Research output: Contribution to journalArticlepeer-review

9 Scopus citations


OBJECTIVE The objective of this study was to describe the use of a minimally invasive surgical treatment of lumbar spondylolysis in athletes by a fluoroscopically guided direct pars screw placement with recombinant human bone morphogenetic protein-2 (rhBMP-2) and to report on clinical and radiographic outcomes. METHODS A retrospective review was conducted of all patients treated surgically for lumbar spondylolysis via a minimally invasive direct pars repair with cannulated screws. Demographic information, clinical features of presentation, perioperative and intraoperative radiographic imaging, and postoperative data were collected. A 1-cm midline incision was performed for the placement of bilateral pars screws utilizing biplanar fluoroscopy, followed by placement of a fully threaded 4.0-mm-diameter titanium cannulated screw. A tubular table-mounted retractor was utilized for direct pars fracture visualization and debridement through a separate incision. The now-visualized pars fracture could then be decorticated, with care taken not to damage the titanium screw when using a high-speed drill. Local bone obtained from the curettage was then placed in the defect with 1.05 mg rhBMP-2 divided equally between the bilateral pars defects. RESULTS Nine patients were identified (mean age 17.7 ± 3.42 years, range 14-25 years; 6 male and 3 female).
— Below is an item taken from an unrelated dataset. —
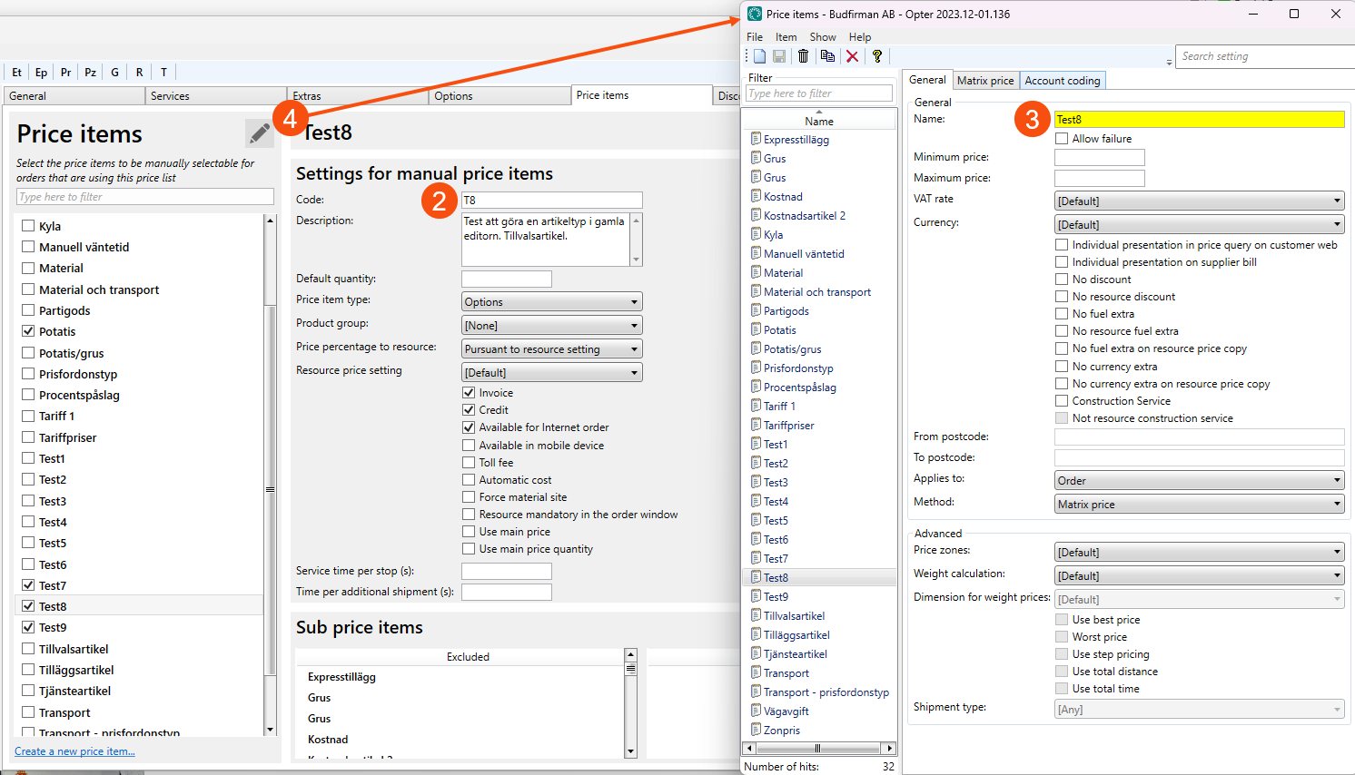 In the new price list, the code for the price item is entered on the Manuaalse hinnaga kaubad tab of the price list editor (2), but the name of the price item is entered in the price item registry (3).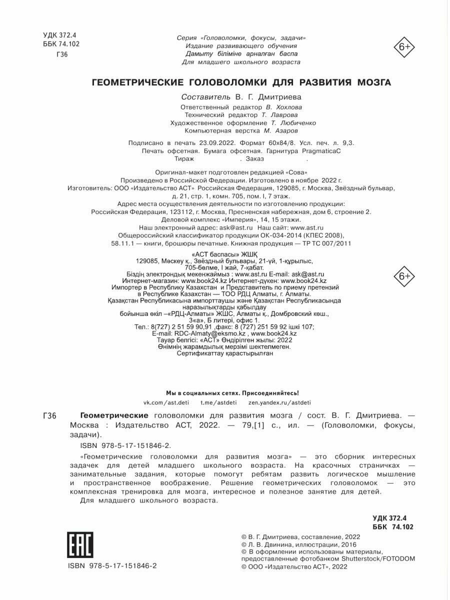 Сервис сравнения цен СкидкаГИД предлагает сравнить цены на товар «Книга: Геометрические головоломки для развития мозга (Дмитриева Валентина Геннадьевна (составитель)); Сова. Малыш (Обучающая и развивающая литература), 2022»

All patients had bilateral pars fractures of L-4 (n = 4) or L-5 (n = 5). The mean duration of preoperative symptoms was 17.22 ± 13.2 months (range 9-48 months). The mean operative duration was 189 ± 29 minutes (range 151-228 minutes). The mean intraoperative blood loss was 17.5 ± 10 ml (range 10-30 ml). Radiographic follow-up was available in all cases; the mean length of time from surgery to the most recent imaging study was 30.8 ± 23.3 months (range 3-59 months). The mean hospital length of stay was 1.13 ± 0.35 days (range 1-2 days). There were no intraoperative complications. CONCLUSIONS Lumbar spondylolysis treatment with a minimally invasive direct pars repair is a safe and technically feasible option that minimizes muscle and soft-tissue dissection, which may particularly benefit adolescent patients with a desire to return to a high level of physical activity.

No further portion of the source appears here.